Investissements fossiles par ici la sortie?

Énerfie fossile

Investissements fossiles par ici la sortie?

Alain E. Roch

Alain E. Roch, MBA

Président et chef de la direction

Alain.Roch@bluebridge.ca

Depuis plusieurs années, la société Blue Bridge est « carboneutre » et a été certifiée « écoresponsable » par le Conseil des Industries Durables en 2018. En tant qu’écoleader du domaine financier au Québec, nous nous devons de nous interroger et de sensibiliser nos clients sur l’impact des investissements que nous proposons.

L’opinion publique considère en général que les investissements dans les activités favorables à l’environnement sont moins rentables que ceux dans les énergies polluantes, produites en utilisant du charbon ou du pétrole. En réalité, comme plusieurs études scientifiques l’ont montré récemment, les investissements dans les activités économiques favorables à l’environnement ont des rendements moyens équivalents à ceux des entreprises liées aux énergies non-renouvelables. D’ailleurs, à l’instar de la Banque centrale européenne (BCE), un nombre croissant de banques centrales sont en train d’implanter des programmes d’investissements favorables à l’environnement.

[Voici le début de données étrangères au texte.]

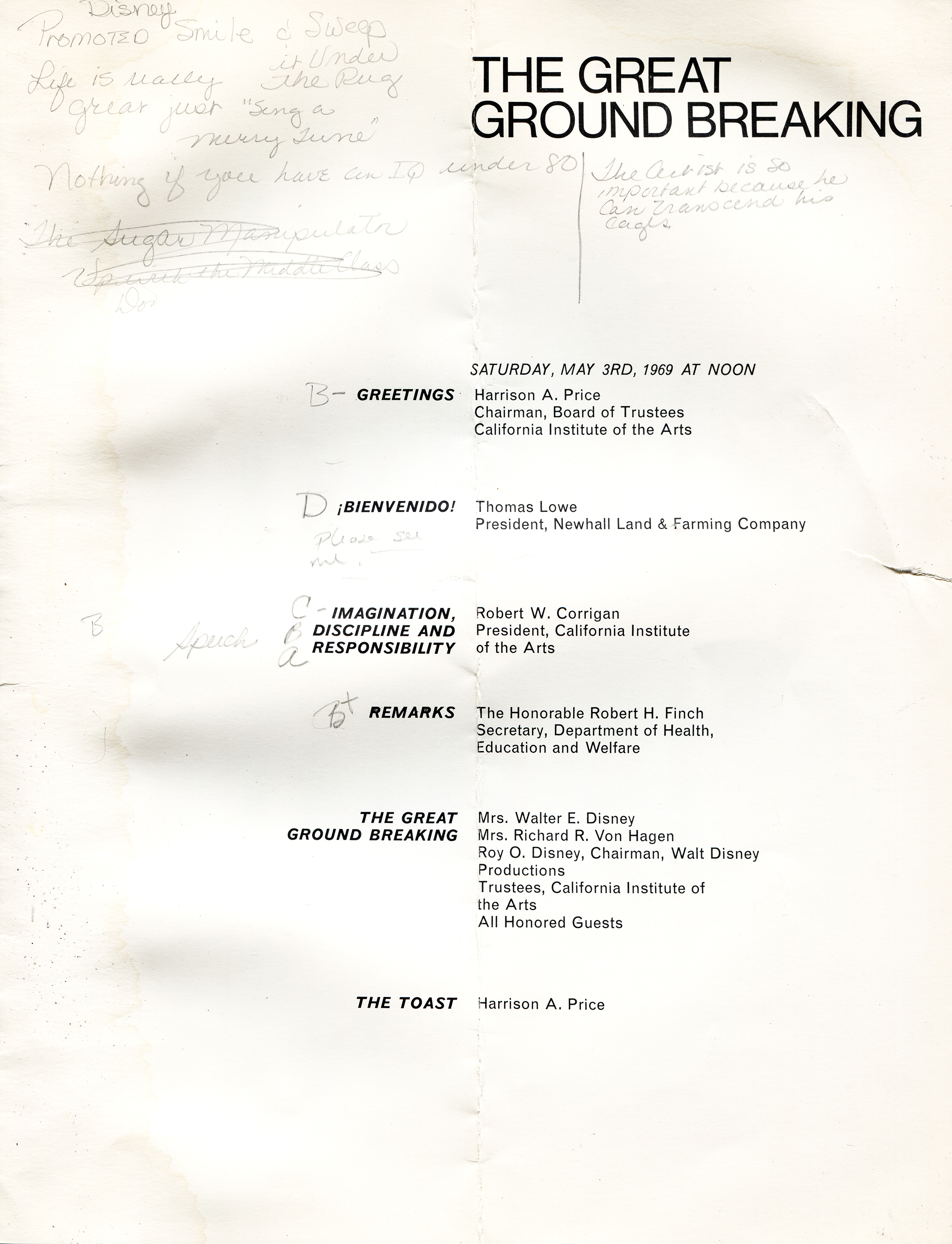 Program to The Great Ground Breaking, California Institute of the Arts, May 3, 1969.
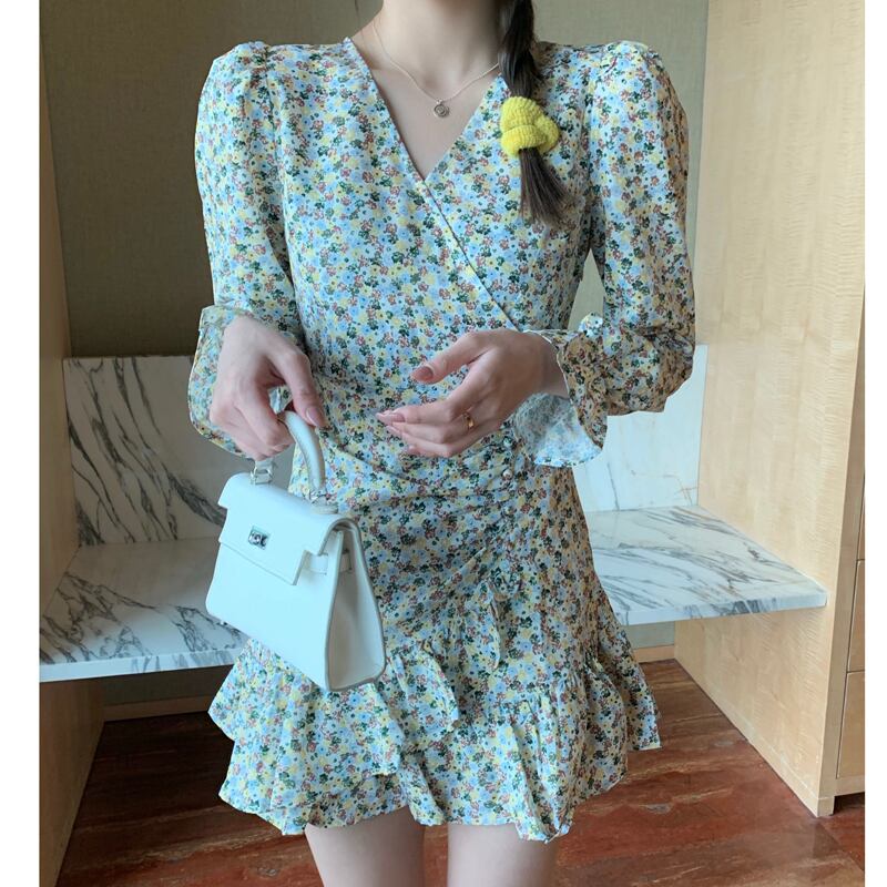 サイドボタンクロスVネックフローラルスカート 薄手レースショートスプリングドレス 春物 花柄 ビッグFスモールZ韓国30267194304
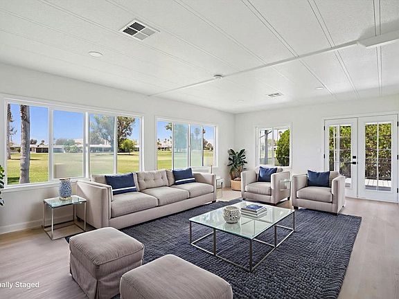 Fully Remodeled with Gorgeous Golf Course & Mountain Views! Enjoy stunning views from the open-concept living, kitchen, and family rooms -- all oriented to capture sweeping vistas of the golf course and mountains beyond. French doors in both living and family rooms lead to a spacious patio, perfect for relaxing or entertaining. Inside, this beautifully updated home features luxury vinyl flooring, energy-efficient dual-pane windows, quartz countertops, recessed lighting, and stainless steel appliances. The primary suite boasts a private bath with an oversized walk-in shower and dual vanities. A well-appointed guest suite includes a walk-in closet and access to a stylish hall bath. Convenient indoor laundry area, covered carport with a dedicated storage room, plus an additional storage shed. Best of all -- you own the land, with low annual HOA dues! Located in Tri Palm Estates & Country Club, a vibrant 55+ community offering unlimited golf for two deeded owners on both an 18-hole executive course and a 9-hole par 3 course. All for low monthly membership monthly fee. Additional amenities include two pools and spas, tennis and pickleball courts, putting greens, shuffleboard, and a clubhouse with dining, lounge, and year-round social events. Just minutes to Costco, Sam's Club, Home Depot, and local dining. Easy access to I-10, Agua Caliente Casino, Acrisure Arena, and the shops of Rancho Mirage and Palm Desert. Plus, the property is within IID electric service territory -- for lower utility costs!

Les institutions financières, à commencer par les fonds de pension et les Family Offices, devraient évaluer les risques climatiques et réorienter par conséquent leurs propres choix d’investissements, étant entendu que les changements climatiques pourraient avoir des effets sur la rentabilité des entreprises ainsi que sur le prix de leurs titres en bourse.

La finance durable n’est plus synonyme d’utopie, mais les risques climatiques ne sont encore que très peu traduits en termes de risques économiques et financiers…

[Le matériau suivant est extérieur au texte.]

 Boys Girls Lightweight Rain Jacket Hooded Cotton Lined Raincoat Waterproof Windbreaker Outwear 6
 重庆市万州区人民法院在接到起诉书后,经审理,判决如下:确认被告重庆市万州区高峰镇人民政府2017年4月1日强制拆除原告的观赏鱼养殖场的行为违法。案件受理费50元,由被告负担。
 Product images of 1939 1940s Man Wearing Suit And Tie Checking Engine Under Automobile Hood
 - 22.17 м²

Ces dernières années ont vu une croissance rapide de la finance responsable avec notamment la création d’indicateurs environnementaux, sociaux et de gouvernance (ESG), mis en place par l’ONU. Une forme plus audacieuse d’investissement durable consiste à trouver des entreprises qui se bâtissent un avantage compétitif en intégrant un objectif spécifique de durabilité au cœur du processus d’investissement. À la différence de l’investissement socialement responsable, et de l’investissement ESG qui consistent principalement à exclure les placements indésirables, l’Impact Investing a pour but de produire activement un résultat positif mesurable.

La finance durable semble avoir désormais la cote et n’est plus synonyme d’utopie.

Malgré tout, les derniers chiffres sur le sujet portent à croire que cette tendance n’a pas été assimilée par les joueurs clefs de la finance mondiale. En effet, l’étude Banking on climate chaos 2021 fait le constat qu’au cours des cinq années qui ont suivi l’accord de Paris (2015), les 60 plus grandes banques du monde ont financé les combustibles fossiles à hauteur de 3 800 milliards de dollars. Le financement effréné de l’extraction et des infrastructures de combustibles fossiles alimente le chaos climatique et menace la vie et les moyens de subsistance de millions de personnes. Ceci va nécessairement à l’encontre d’une limitation du réchauffement au-dessous de 1.5 °C, tel que les grandes puissances mondiales se sont engagées à respecter lors des Accords de Paris.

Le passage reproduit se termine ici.